The BOSS Tone Studio app is also fantastic for downloading new patches, as it acts as both an editor and a portal to the BOSS-curated tones. I was able to get some “clearly inspired by” two-channel tones that sounded like old Guns N' Roses and Iron Maiden tunes. And the interface even features audio samples so you know what you're getting before downloading them.

Run Multiple Tones on Each GT-1000 Patch

As I mentioned with two-channel patches, another feature I really like with the GT-1000 is its ability to run up to four different signal paths within a patch.

Each blank user patch starts with a switchable A/B split setup, with an amp model, distortion, noise gate, EQ and send/return block (more on that later) on each side. You can add, move and adjust anything within either of those paths, or combine them into a blended stereo setup, or into a split left/right output. And the system allows you to add two more switchable splits to the chain, acting as a loop switcher for songs with stacked effects that you need for short periods. That gives you the ability to set up different channels you can change with the footswitches, so you can just select the signal path instead of the entire patch.
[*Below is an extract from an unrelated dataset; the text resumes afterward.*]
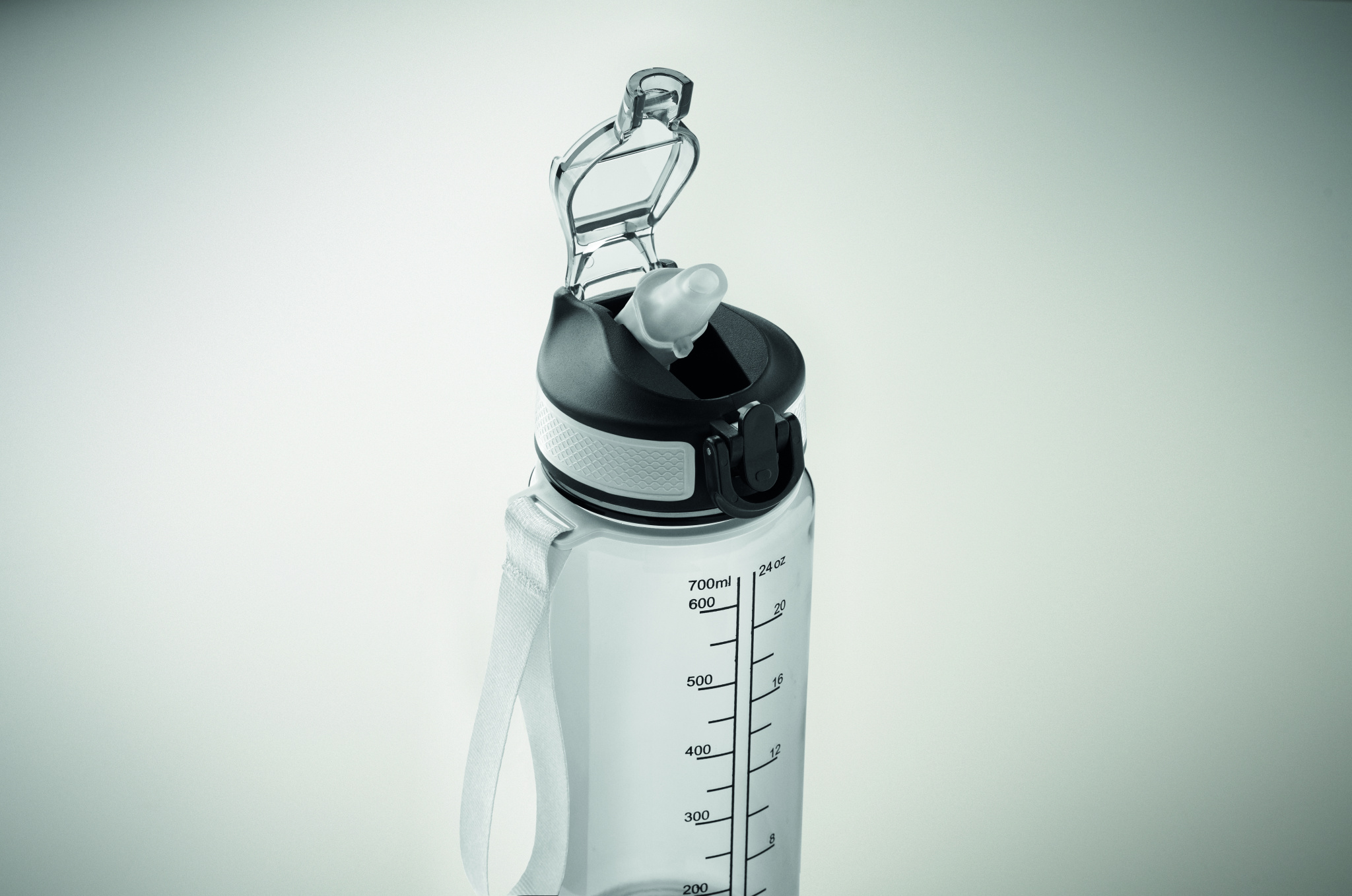 Motivational sports water bottle in RPET with integrated straw, soft silicone mouth piece, one hand opening flip top lid, safety lock. With carrying strap in RPET satin. Capacity 700 ml. Leak free.

For example, if you wanted to play lead guitar on Metallica's Master of Puppets, you can set one path for the basic rhythm tone, one for the clean interlude, and drop in a boosted lead tone with a wah for the solo. For me, it's mentally easier to make one divided patch for a song with multiple parts than cycle through different patches, as I'll inevitably step on the wrong button and activate a different patch. Plus, you're assured volume parity when you stay within the same patch. And, again, it's super easy to set up with the BOSS Tone Studio app.

Adding External Effects

Yet another feature I'm a big fan of is the ability to run physical external effects in your digital signal chain via the two effects loops built into the GT-1000. And, through the software-hardware relationship, you can move the placement of the external effects anywhere you want in the digital path.

BOSS GT-1000 Rear Panel and Connections

So, let's say you have a sweet A/B setup dialed in with clean and crunch rigs and a lush reverb, but you really want to use your vintage octave fuzz and boost with the crunch and a prized rack delay with the clean. No problem. Just plug those effects into the two loops (extra cables are required), move the switchable send/return block to where you want those effects in the line, save the patch and get rockin'.
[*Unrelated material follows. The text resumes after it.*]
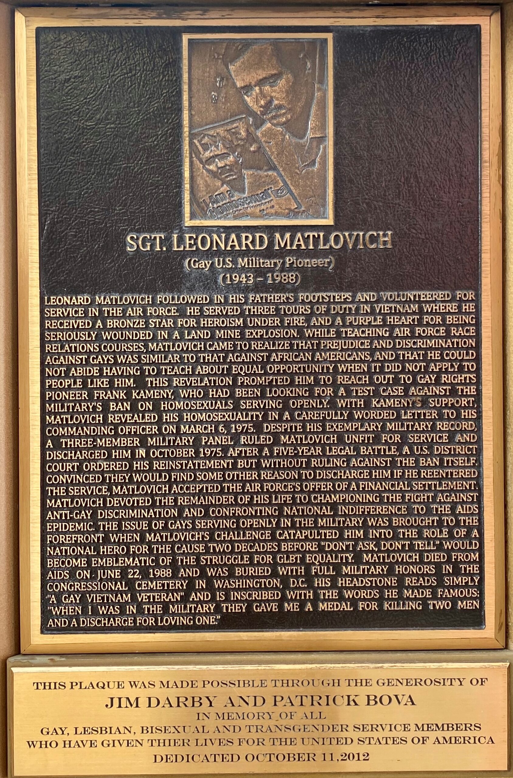 SGT. LEONARD MATLOVICH WAR MEMORIAL PLAQUE

Recording with the GT-1000

I'll admit I didn't do a deep dive into the GT-1000's recording capabilities, but I did do some basic multi-track stuff, and it works very well. I just had to change my Pro Tools settings on my MacBook to talk with the unit, created a new track, played and was deeply satisfied with the ease of use and quality of the sounds.
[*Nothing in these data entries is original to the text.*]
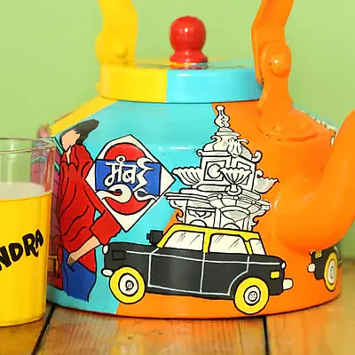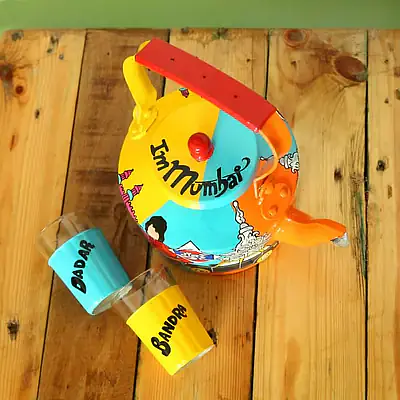 Theme : Mumbai is the city of dreams. Here the kettle has images of kaali peeli taxi, Big B, Gate of India & the glasses have names of the two most famous station i.e Bandra & Dadar which symbolise everything that is Mumbai.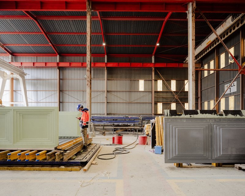 The integration of structure, texture, and color was achieved without additional surface treatments. The pigmented concrete reveals the fineness of its casting, celebrating the craft of form and the language of fabrication.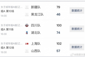 四川隊100-74湖北隊,李緣獨得21分5助攻,高頌18分4籃板,劉禹彤14分6籃板,唐子婷12分。湖北隊劉貝狂砍26分,彭華倩15分7籃板。
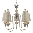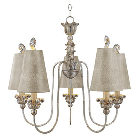 The Remi chandelier has a hand-crafted appearance, with silver sculpted elements including fleur-de-lis inspired bobeches, highlighted with brushstrokes of red paint. This 5 light chandelier is completed with grey and cream crackle painted shades for a truly unique look.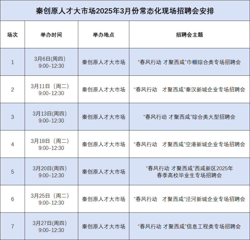 3月份,秦創(chuàng)原人才大市場還將舉辦多場不同主題類型現(xiàn)場招聘會,滿足各企事業(yè)單位和廣大求職者雙選需求,具體場次如下。

In the "USB Audio" section of the menu, the GT-1000 gives you the option of sending your wet, processed signal, or your dry signal for re-amping later. All I needed was the unit, a USB cable, a DAW (both Pro Tools and GarageBand worked equally well) and my trusty Gibson SG. The GT-1000 handled playback through the headphones, so I didn't even need to run external monitors (though you can) or any other external interface.

BOSS also gives you the ability to load external impulse responses for speaker-cab modeling. Unfortunately, I didn't have the ability to try it out. But that feature adds a whole other world of versatility and fine-tuning to create your perfect tone.

Overall Impressions

As a general overview, I really like the GT-1000. It does a lot more than the vast majority of players will ever need. It sounds stellar. It's built like a tank without being oppressively big or heavy. The ease of customizability, especially with the button assignments, is outstanding. And recording with it is incredibly easy, so it'll make for an invaluable studio tool, especially for those with cranky neighbors (or, in my case, a week-old baby in the next room).

While I wish the GT-1000 had a few more bells and whistles, and changes with its functionality, it's still a phenomenal piece of gear that most any guitar player would be more than happy to have. And, given BOSS' historically impressive reliability, it's sure to deliver years of use in rehearsal, in the studio and on the stage. I know I'll be sad to send it back from whence it came at the end of this review.